De la ciudadanía digital a la construcción de lo común

Uno de los conceptos centrales de la conferencia fue “lo común”. Sierra señaló que buena parte de la discusión contemporánea sobre tecnopolítica se ha concentrado en el individuo y en su relación con las plataformas digitales, dejando en segundo plano las formas colectivas de organización y participación.

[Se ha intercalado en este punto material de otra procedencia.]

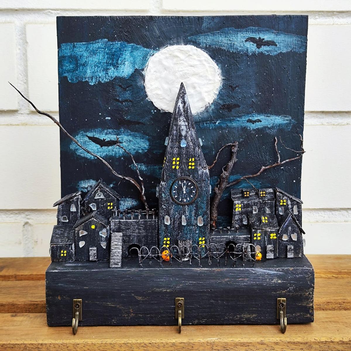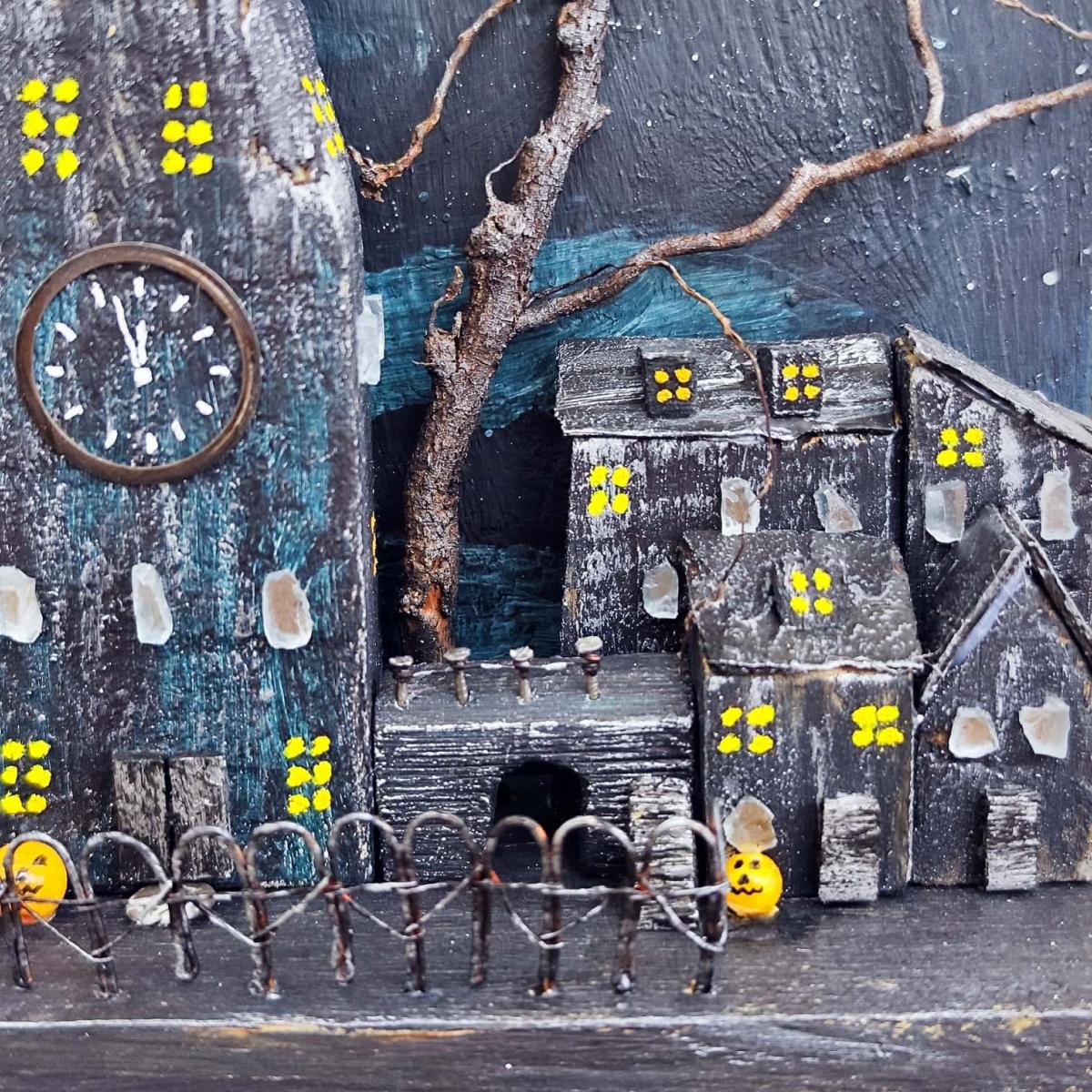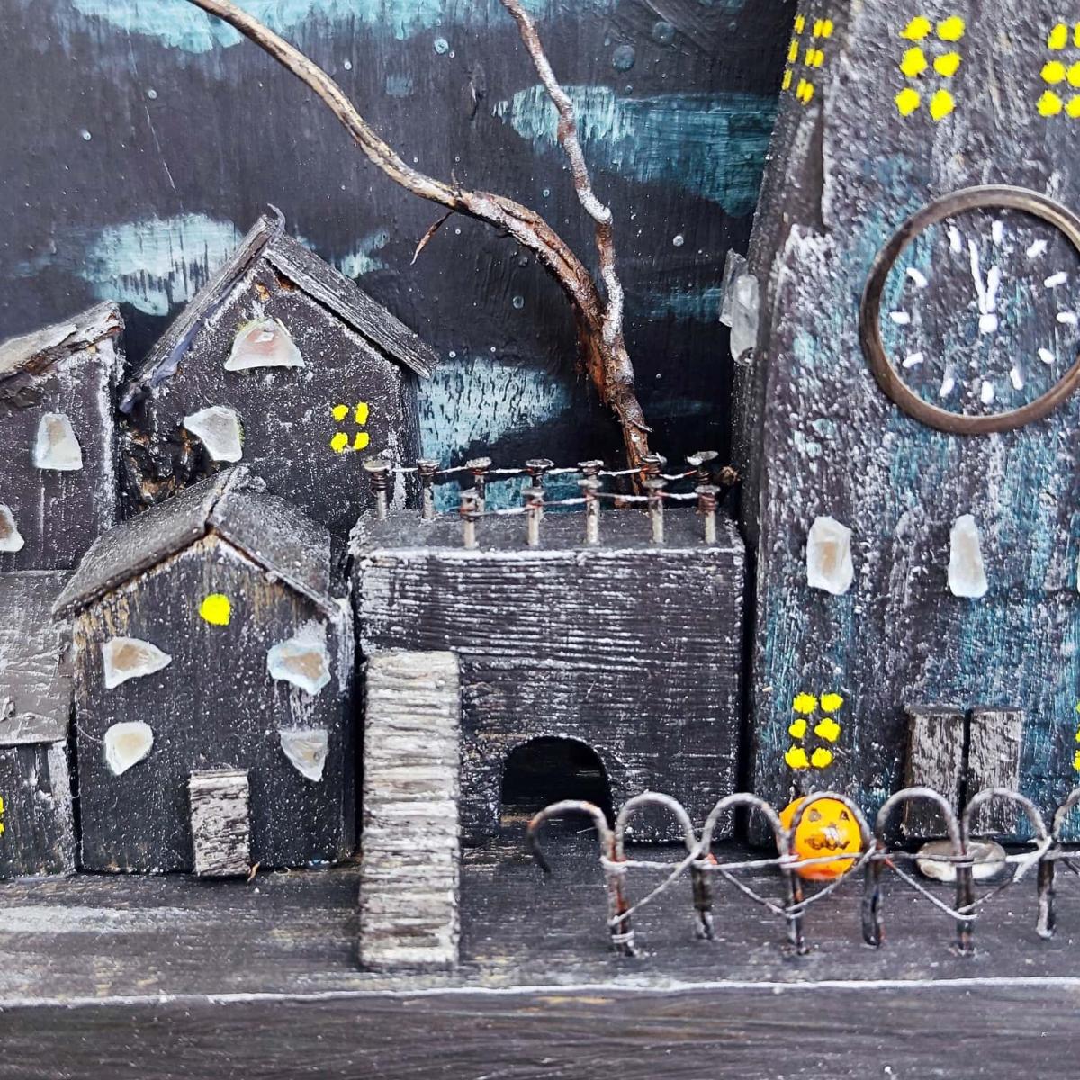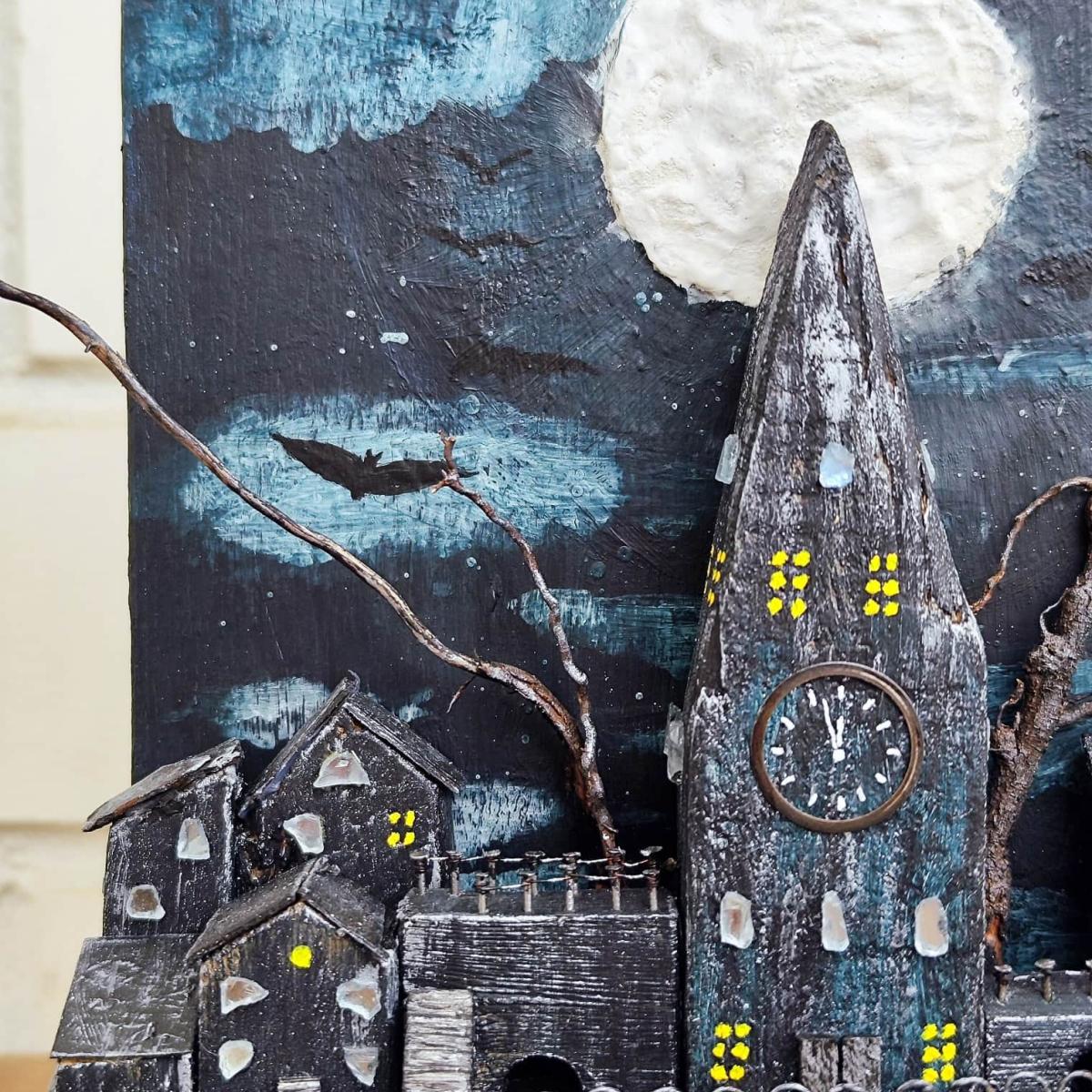 Ночной город на Хэллоуин в стиле дрифтвуд. Свет Луны, сделанной в объеме, отражается в фальшивых зеркалах окон. Местами горит свет. Черный замок, окруженный кованым забором, встречает гостей...

En este contexto, destacó que las tecnologías digitales han abierto nuevas posibilidades para la construcción de comunidades y para la circulación de narrativas alternativas. Sin embargo, también han generado nuevos mecanismos de concentración del poder.

La promesa inicial de internet como un espacio capaz de democratizar la participación y permitir que todas las voces tuvieran presencia en la esfera pública, explicó, se ha enfrentado a una realidad en la que unas pocas corporaciones controlan buena parte de la infraestructura y de los espacios donde ocurre la conversación pública.

Experiencias como el 15M en España, la Primavera Árabe y diferentes movimientos sociales en América Latina demostraron, según Sierra, que la ciudadanía puede apropiarse de las tecnologías para organizarse, producir contenidos y construir contranarrativas frente a los discursos dominantes.

Pero esa posibilidad también ha sido disputada por sectores políticos y económicos que han aprendido a utilizar las mismas herramientas para orientar la conversación pública, segmentar audiencias, difundir desinformación e incidir en procesos electorales.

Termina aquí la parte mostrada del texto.